Thank you to all our volunteers
By Polly Kitson
Volunteer Manager
Volunteer Week is an opportunity for Sussex Wildlife Trust to say thank you to our volunteers. With nearly 900 registered volunteers across Sussex the impact and importance of our volunteers is vast.
The range of support our volunteers provide us with is impressive. Many volunteers support work within our nature reserves and projects. These volunteers provide the missing natural processes within our landscape. Trimming scrub replicates goats and deer browsing, mowing equals sheep grazing, and building leaky dams imitates beavers. The impact of the gentler approach can be seen and monitored by the fixed-point photography (photographing in the same area over years) and the surveying of specific species.

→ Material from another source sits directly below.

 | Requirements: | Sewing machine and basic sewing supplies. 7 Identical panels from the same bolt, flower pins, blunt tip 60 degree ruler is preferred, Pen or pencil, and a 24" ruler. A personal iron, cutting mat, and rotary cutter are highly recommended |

This vital information is used by the team in making decisions about future activities and measures to be taken on the reserves.

Connecting young people with nature is pivotal to our community engagement provision. A busy team of volunteers’ support schools and college groups at Woods Mill and Tilgate Park in Crawley. The Forest School Instructors train hundreds of volunteers every year to engage young people in nature.

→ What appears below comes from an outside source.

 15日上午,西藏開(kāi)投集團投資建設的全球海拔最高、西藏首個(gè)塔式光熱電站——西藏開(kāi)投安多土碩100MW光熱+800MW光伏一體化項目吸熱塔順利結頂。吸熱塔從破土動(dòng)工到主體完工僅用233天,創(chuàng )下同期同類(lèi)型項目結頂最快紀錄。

Marine volunteers work with the Living Seas Team and on projects such as Wild Coast Sussex. Volunteers survey our shores, seas and beaches. This not only inspires generations of people to take care of the coastlines but the valuable data collected help us better understand the marine and coastal habitats of Sussex.

Rye Harbour Nature Reserve possibly has the widest range of volunteering within the one reserve. Visitors to the Discovery Centre will be aware of volunteers at the Welcome and Information Desk and the Café. Volunteers support the education activities at the Centre, provide guided walks and historical talks, just to name a few.

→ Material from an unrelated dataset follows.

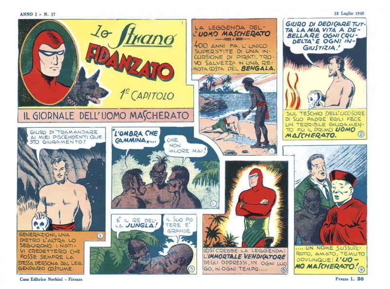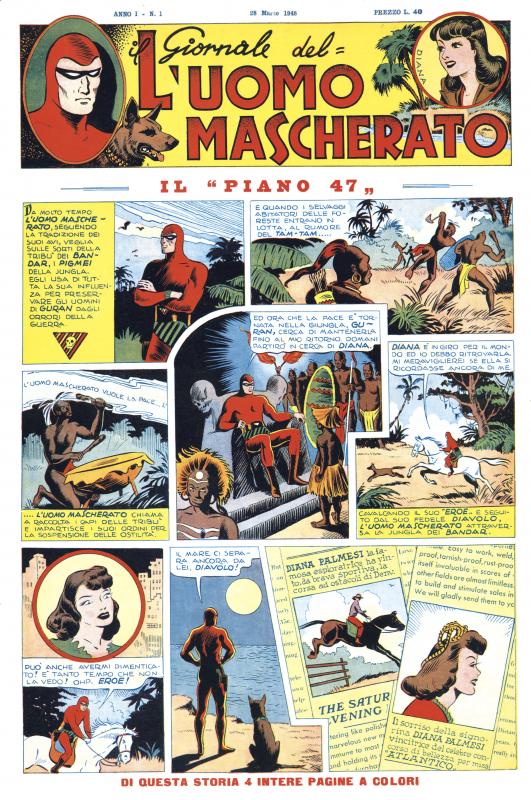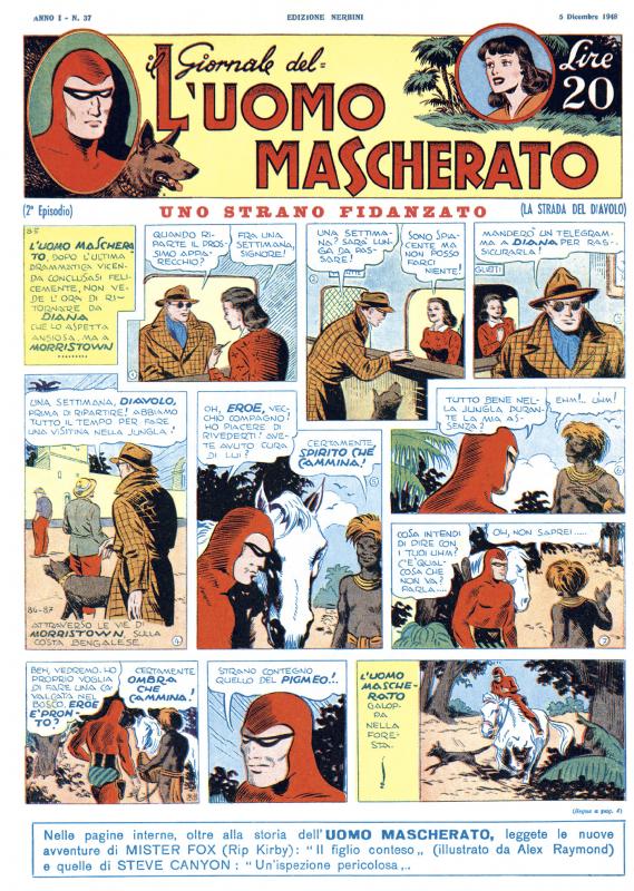 Testata contenitore presenta L’UOMO MASCHERATO di Lee Falk e Ray Moore con disegni apocrifi di Guido Fantoni (nn. 1/48); MISTER FOX LA VOLPE (Rip Kirby) di Alex Raymond (nn. 1/48); CAPITANO ISY SALVAGENTE (Captain Easy) di Leslie Turner (nn. 1/25); IL PRINCIPE VALENTINO (Prince Valiant) di Harold Roudolph Foster (nn. 1/16) ripreso da LONE RANGER GIORNALE (nn. 58/73); DOTTOR WOOBES (Doctor Woobes) di J. N. Mc Ardle con “Il figlio delle antilopi” (nn. 28/32); STEVE CANYON (Steve Canyon) di Milton Caniff in “Un’ispezione pericolosa” (nn. 32/48); “Tra i selvaggi della Guiana” di M. Malatesta e Ferdinando Vichi (nn. 49/57); LONE RANGER (The Lone Ranger) di Fran Striker & Charles Flanders - ripreso da LONE RANGER GIORNALE (nn. 58/73). Dal n. 17 (18 luglio 1948) al n. 32 (31 ottobre 1948) assume formato albo orizzontale (12 pgg. autocop. - cm 32,2 x 24), dal n. 33 torna al formato giornale ma ridotto (8 pgg. autocop. - cm 25 x 35,4) e la testata diventa L’UOMO MASCHERATO GIORNALE. Col n. 58 la testata si fonde con IL GIORNALE DI LONE RANGER, di cui continua alcune serie.

Finally, but essentially, are the volunteers that beaver away behind the scenes. The administration volunteers. Those that collate the membership packs, input data from surveys, support in social media and communications, and help with IT.
Volunteers enable the Trust to work towards its goals of inspiring communities to engage with nature and crucially, to restore wildlife across the landscape and sea. We would like to thank all of these wonderful volunteers for the time and commitment they give to the Trust, wildlife in Sussex and their communities.